Indeed, popular AI models such as GPT-3, DALL-E 2, PaLM, or Flamingo, are becoming extremely good at specific tasks, such as natural language writing, language understanding, or creating images from descriptions. It is reasonable to expect that the machine learning models underlying BMI devices will eventually become really good at interpreting the brain’s electrical activity with enough data and computing power.
But will they? Is this ML-driven brute force approach giving us any insight as to how the human brain works, so that we can even consider reading someone’s memory? To effectively ‘plug into’ a human brain’s memory Matrix-style, we would need to understand how our brains store information and how it can be read and written. As powerful and versatile as deep learning models are, it is highly debatable whether they would be able to fully understand the inner workings of the human brain by simply listening to electrical activity. In terms of traditional computers, an ML model taking as input the electrical signals coming out of a computer towards a laser printer could probably ‘learn’ to interpret the signals and figure out how to map each signal to a character of the alphabet.

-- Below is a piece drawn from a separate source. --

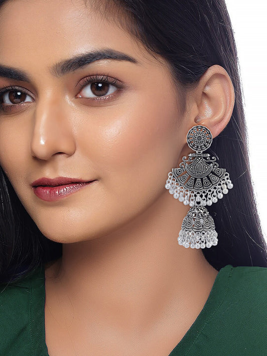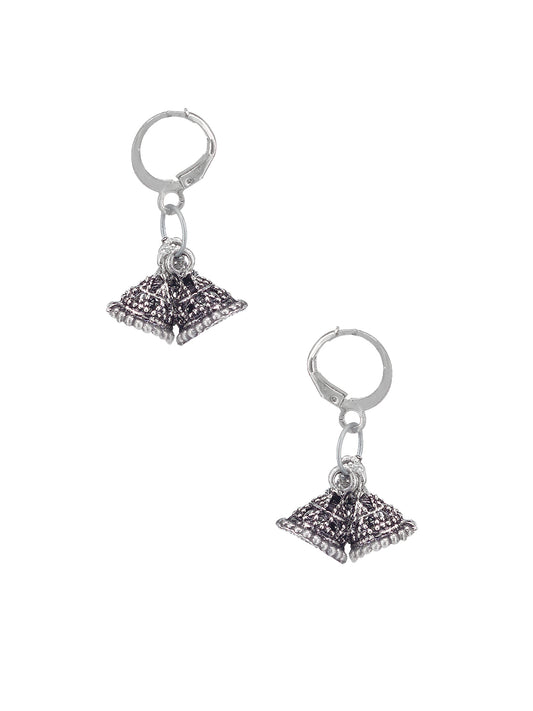 Silver Oxidised Hoop Jhumki Earrings For Women

However, it is difficult to see how that ML model would figure out how the computer software is designed, the original document stored in the computer hard drive, and less so how to modify the document. In summary, BMIs are a very exciting development that has been catalyzed by the recent improvement in AI algorithms and available hardware. In the near term, they are likely to improve the quality of life for patients with devastating cognitive and/or motor conditions. However, in understanding how the brain works, the research is closer to alchemy than chemistry and will likely require decades of multi-disciplinary collaboration between medical doctors and computer scientists.